The next day brought more hours of sword craft in Faul’s lonely back yard, surrounded by scattered man-sized knuckles of obsidian black stone. When they were done, every part of him ached and some little cuts crisscrossed his forearm where Sharfy’s sword had come a fraction too close. They sat for a breather by the back steps. ‘Who’s going to teach me magic?’ Eric asked.

Sharfy’s reaction surprised him with its vehemence. ‘No!’

‘And why not?’

‘Want to risk going halfway mad?’

Eric laughed. ‘Look, life as I know it is forfeit. Understand? You guys won’t let me go back and read comic books or get laughed at by co-workers ever again. Yeah yeah, I know what you’re going to say, how it’d be impossible even if you wanted to. The point is I am not thinking long term here. I am thinking: what kicks can I get before something bites my head off in a week’s time? To be able to cast a spell, an actual spell, would almost make it all worthwhile.’

‘Make what worthwhile?’

‘Having to see all the dead bodies I’ve seen, we’ll start there.’ Sharfy surprised him by laying a hand on his arm gently. ‘If you don’t already have talent, no one can teach you. You’d know if you had talent because you’d see magic in the air. If you don’t see that already, you won’t learn to cast. Don’t be sad about it. If I had talent, I wouldn’t learn. If you learn, they come hunt you, unless you’re like Loup is, and can stay out of their way.’ Sharfy contemptuously flung the army-issue sword to the ground. During their session he’d cursed the weapon nonstop.
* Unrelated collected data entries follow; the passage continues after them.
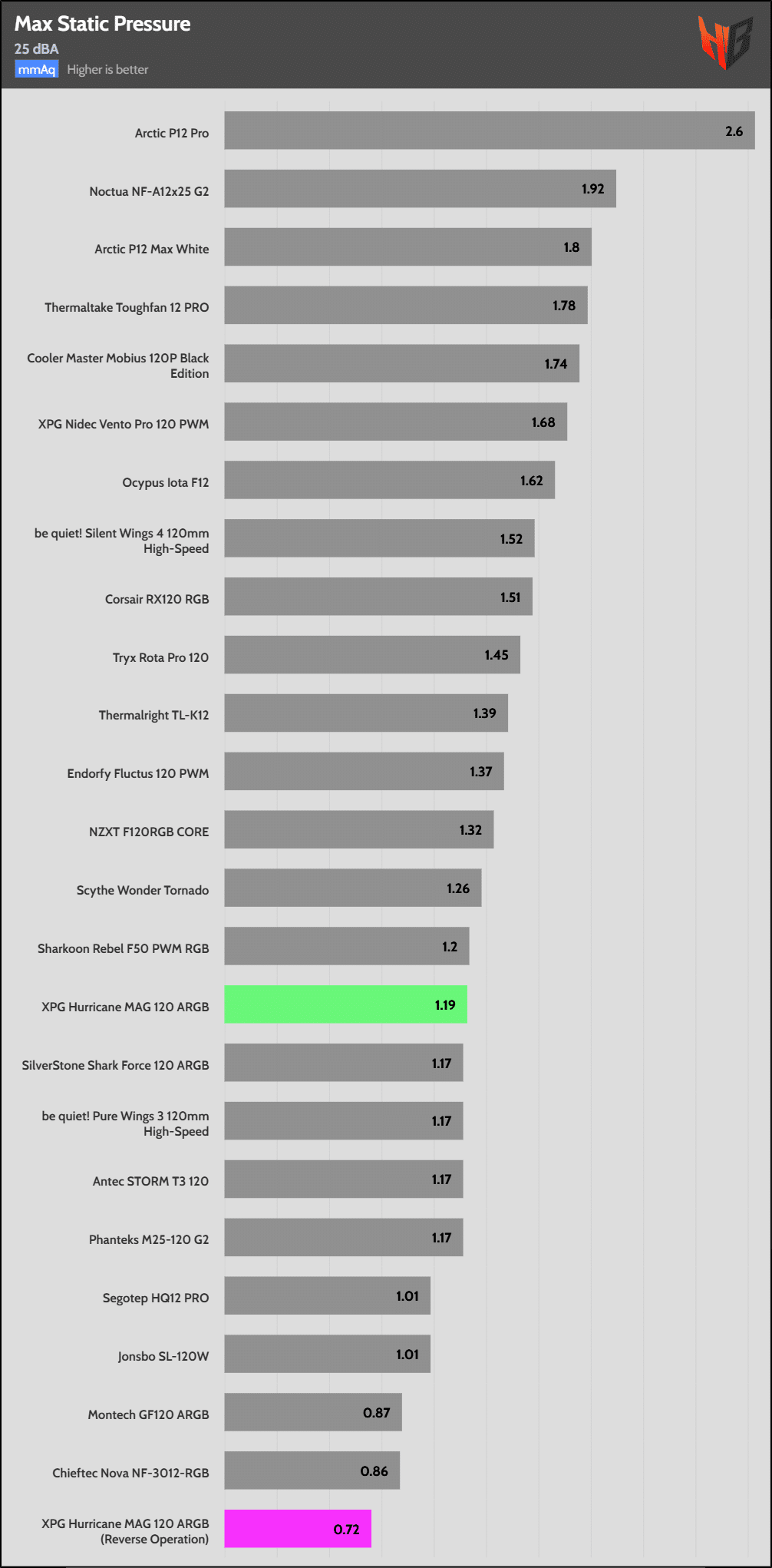 At 25 dBA, the fan’s airflow is low at both normal and reverse operation. At regular operation, the static pressure is close to the average in the 120mm category, but still not impressive, while it is dead low in reverse operation.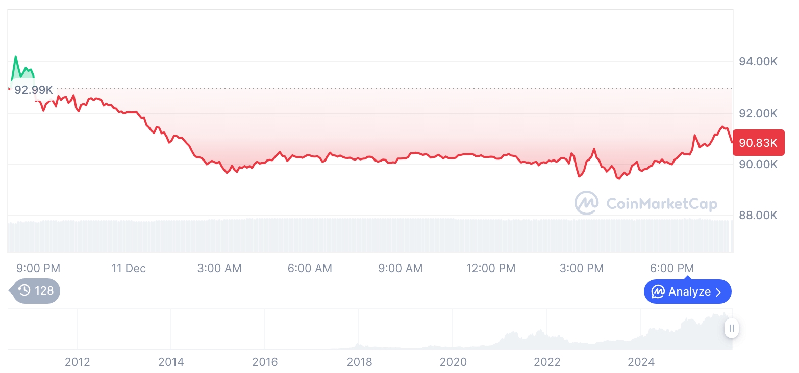 晨间行情简报:加密货币市场现跌势,比特币报90,835美元,以太坊跌至3,195美元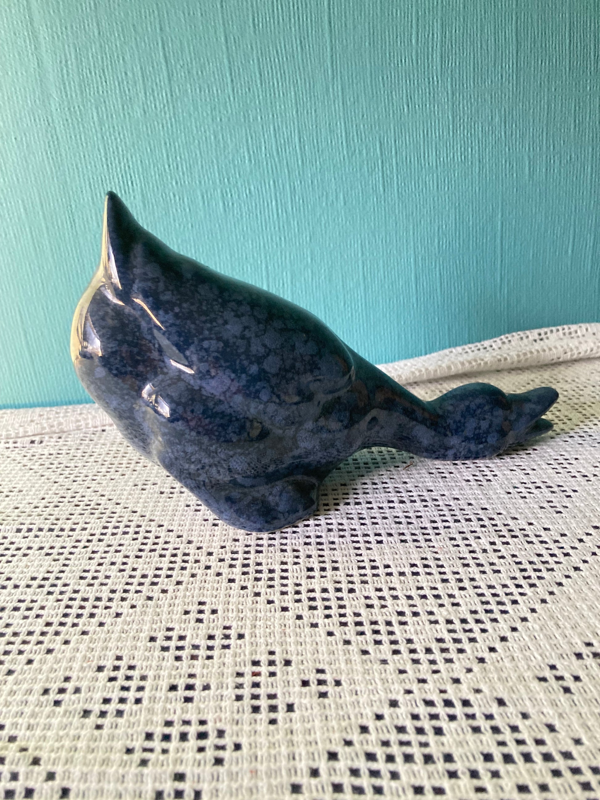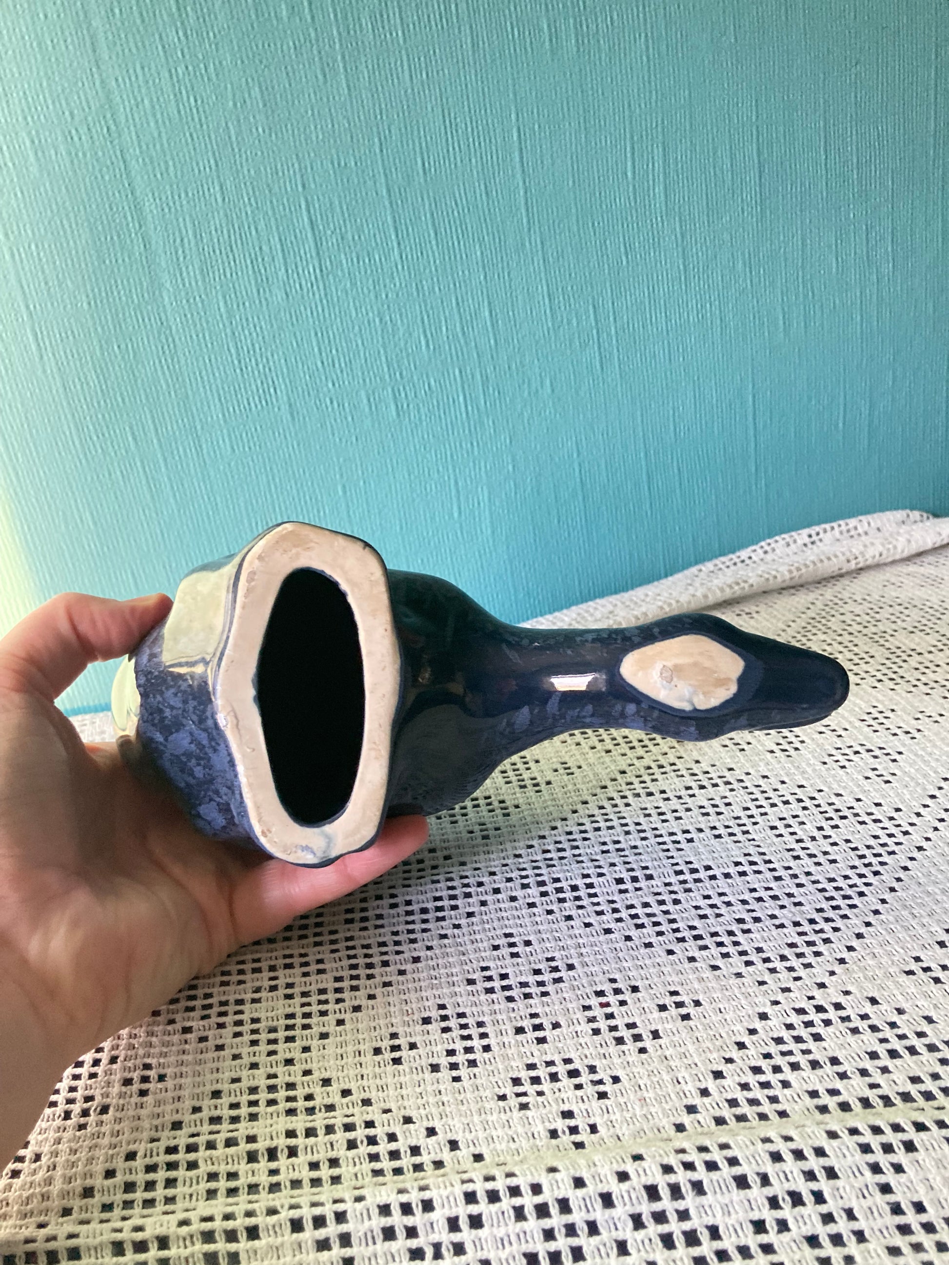 Add a touch of charm to your home decor with our Blue Speckled Ceramic Goose Ornament.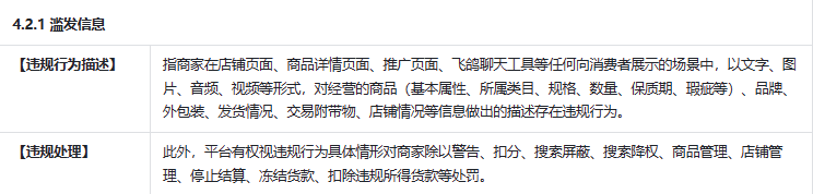 其他商品信息未按《商品信息发布规范》或平台其他管理规则发布的场景。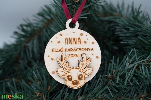 Névre szóló, 3D-s gravírozott, fa, karácsonyfadísz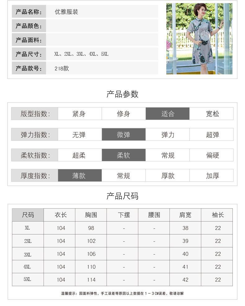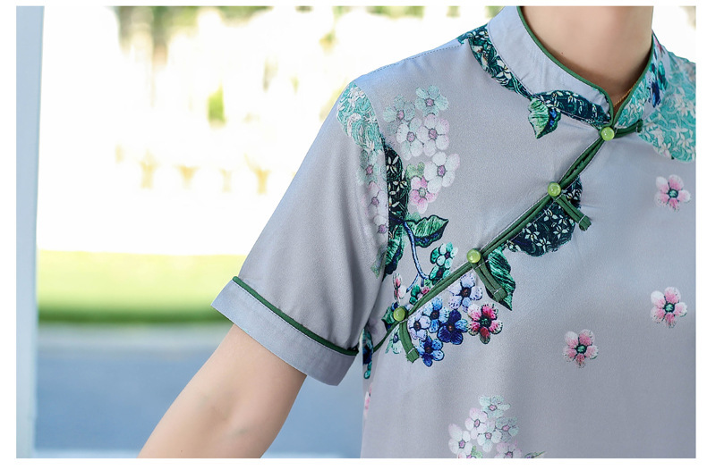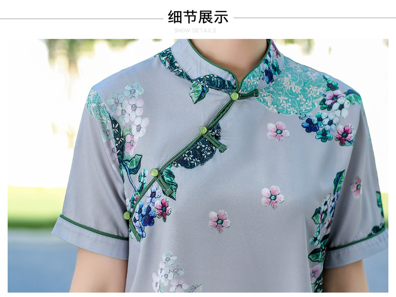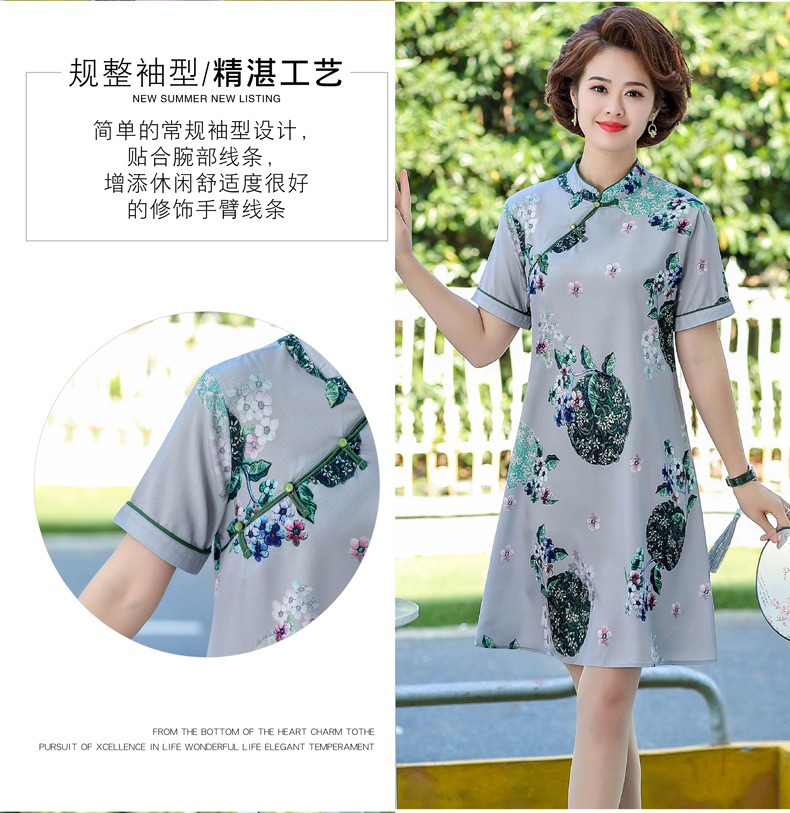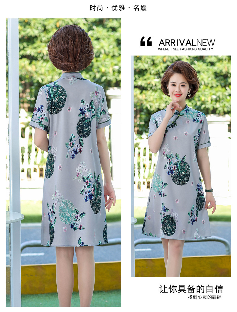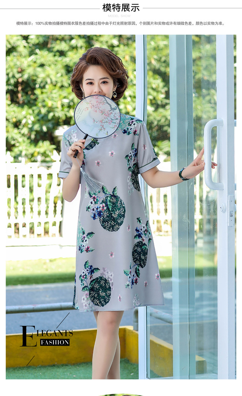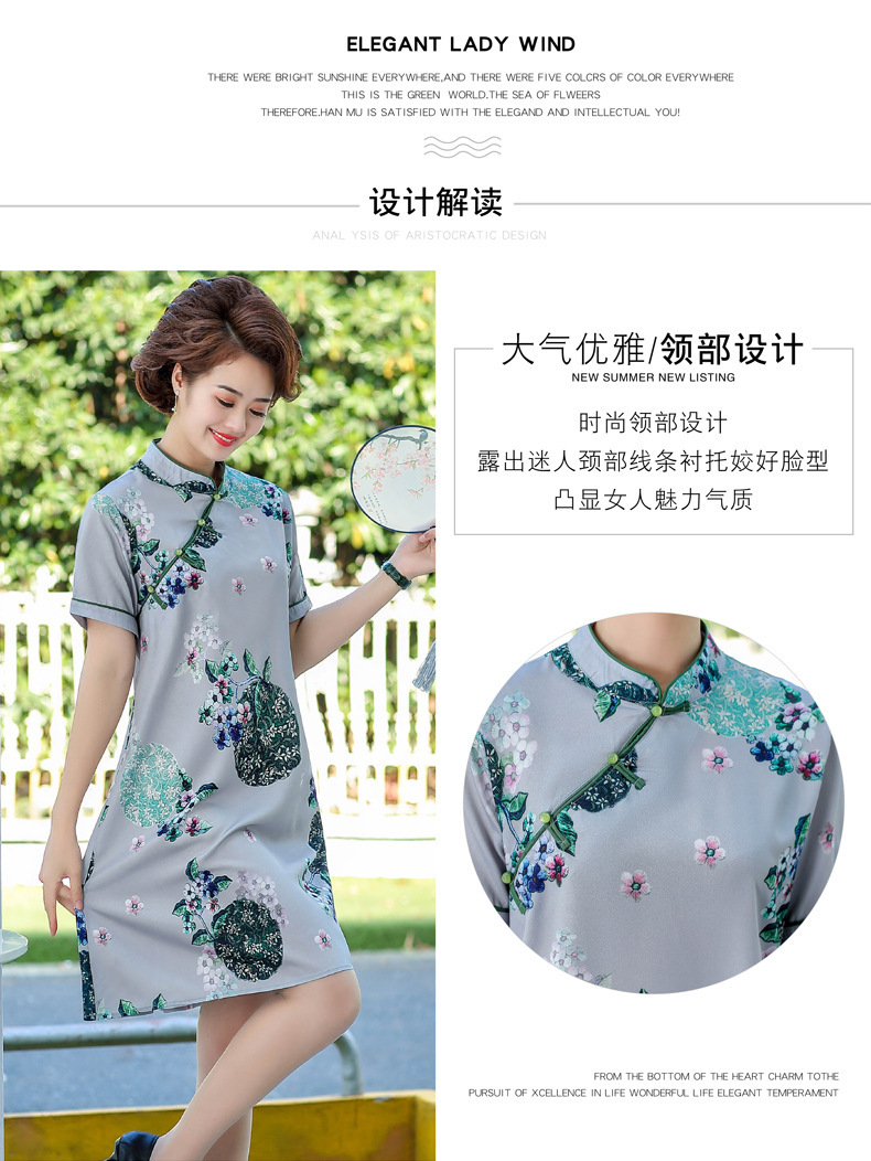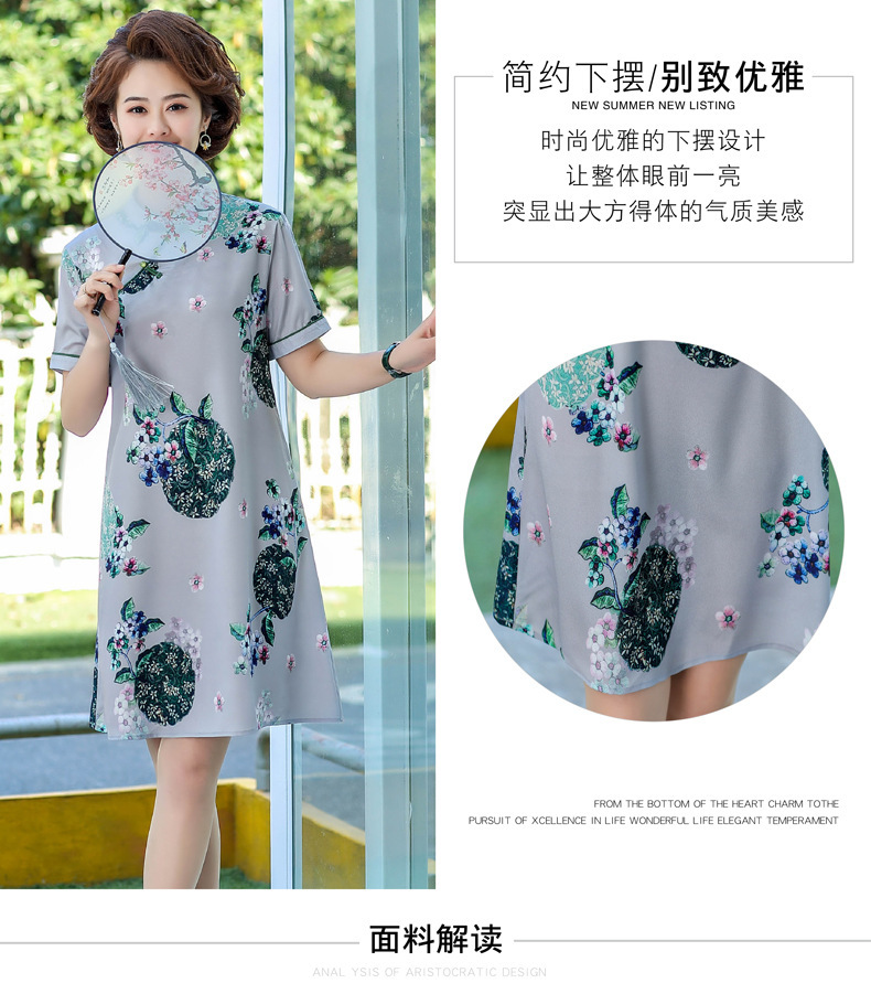 XK-CY1218新款旗袍妈妈装印花典雅复古短袖连衣裙WY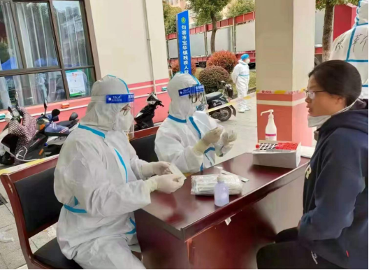 句容城區(qū)的核酸檢測(cè)也馬不停蹄地進(jìn)行。劉菲和同事一起,坐上簡(jiǎn)易的流動(dòng)采集車(chē),一天跑了句容城區(qū)四家大企業(yè),對(duì)企業(yè)員工進(jìn)行核酸采集。當(dāng)天陰雨淅淅瀝瀝,為讓企業(yè)員工少受凍,盡快做完核酸,她除了中午吃午飯,一直堅(jiān)持在崗沒(méi)有休息,手機(jī)錄入系統(tǒng)崩潰了就關(guān)機(jī)重啟,胳膊抬酸了就站起來(lái)采集,她和同事采了近1900人。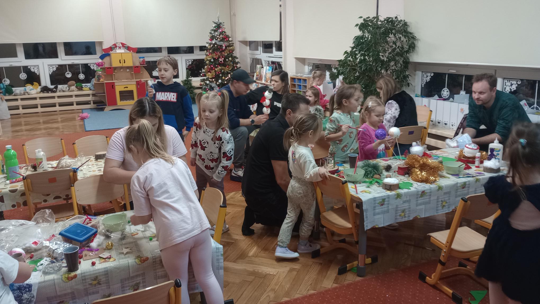 W naszej grupie odbyły się zajęcia otwarte, podczas których dzieci wraz z rodzicami wspólnie tworzyły stroiki, bombki i inne ozdoby świąteczne. Wspólna praca pozwoliła rodzinom aktywnie uczestniczyć w przygotowaniach do Świąt Bożego Narodzenia, a dzieci miały okazję pochwalić się swoimi pomysłami i kreatywnością.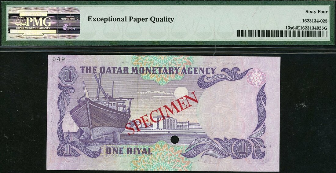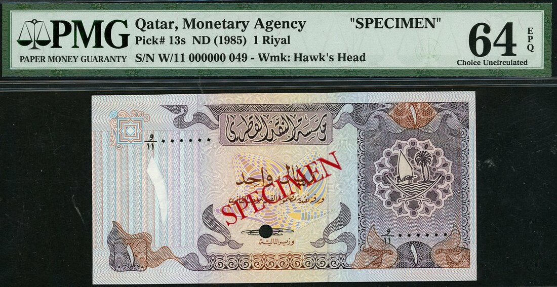 (x) Qatar Monetary Agency, specimen 1 Riyal, ND (1985), serial number W/11 000000, brown on multicolour, arms at right, reverse dhow at left, Ministry of Finance building (Emir's Palace) in background at centre, diagonal red overprint SPECIMEN on obverse and reverse centre,

A flock of birds suddenly erupted from the woods’ line of dark green in the distance to their right, with a faintly heard explosion of shrieks and squawks. ‘And what might that be?’ said Sharfy, standing and reaching for the sword again. No one had mentioned the horror of the doomed hunters’ hall since they came here, but they hadn’t forgotten it wasn’t very far away.

Loup suddenly barrelled down the back steps, an excited grin across his face. ‘There they are! There’s our dancing mages! Hoo! She’s back on our tail all right. Far Gaze doesn’t know what to make of her either, you watch!’ Loup jogged off towards the woods, peering at distant things none of the rest of them could see and hopping from foot to foot with excitement. Sharfy ran after him and tried to get some idea what in blazes he was talking about.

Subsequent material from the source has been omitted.